SEMINAR 2025
Searching for ultraheavy dark matter using mechanical sensors
| Speaker | Qin Juehang, Rice University, USA |
| Date/Time | Friday, 18 Jul, 11am |
| Location | S11-02-07 Conference room |
| Host | A/Prof Phil Chan |
Abstract
Planck-scale dark matter candidates are theoretically compelling, yet searching for them poses significant experimental challenges. In this talk, I will present a framework for detecting ultraheavy dark matter using mechanical sensor arrays. These particles would produce characteristic tracks in sensor arrays, which we can identify using statistical track-finding techniques. I will discuss our analysis of various sensor technologies and show sensitivity projections for dark matter coupling to the Standard Model via long-range forces. While detection through purely gravitational couplings has been proposed, we show that such an effort would likely be unfeasible with foreseeable technology due to the required array size and quantum noise reduction. I will, however, demonstrate that a substantial parameter space remains accessible to near-term experimental platforms. This opens new avenues for dark matter searches in a previously inaccessible mass regime and establishes the groundwork for future ultraheavy dark matter detection programmes.
Biography
Dr Qin Juehang is a Postdoctoral Associate at Rice University, where he works with the XENON collaboration on dark matter detection and neutrino physics and collaborates with quantum sensing groups to develop novel detection methods for ultraheavy dark matter. He received his PhD in Physics from Purdue University in 2023, where his thesis focused on computational techniques for direct dark matter detection and neutron calibrations for XENONnT.

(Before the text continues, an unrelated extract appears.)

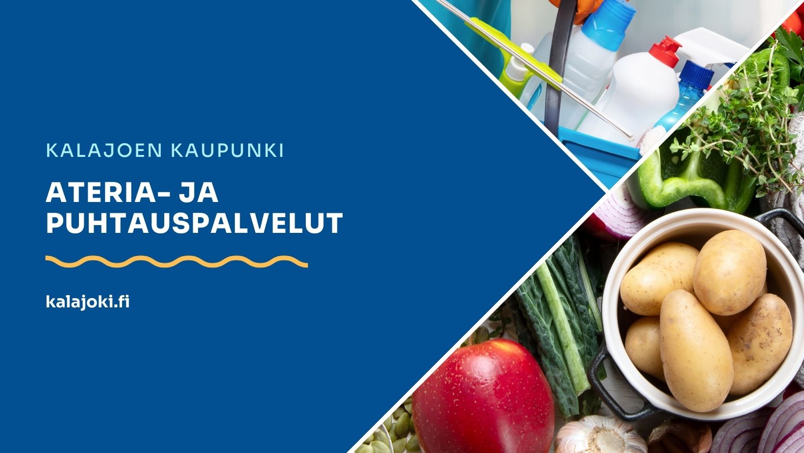 Valmistamme monipuolisia ja ravitsemussuositusten mukaisia aterioita, jotka tukevat lasten hyvinvointia, jaksamista ja oppimista. Ruokahetket ovat tärkeä osa koulupäivää ja päiväkotien arkea, ja panostamme ruokien makuun, laatuun ja paikallisuuteen. - Puhtauspalvelut yhteistyössä kalajokisten palveluntuottajien kanssa kaikkiin kaupungin yksiköihin.

During his PhD, Dr Qin received the George W. Tautfest Award for outstanding graduate students in high energy physics and the Charlotte Ida Litman Tubis Award for science communication. He is currently serving as Signals and Detector Team Leader for the XENON Collaboration, and oversees the collaboration’s signal processing and detector response modelling efforts.
Dr Qin’s research combines advanced computational methods with experimental astroparticle physics to search for dark matter and study neutrino properties, with the ultimate goal of searching for physics beyond the standard model. Working at the intersection of computation and experiment, he develops machine learning techniques and analysis frameworks for both traditional and quantum-enhanced particle detectors, enabling new approaches to rare-event searches.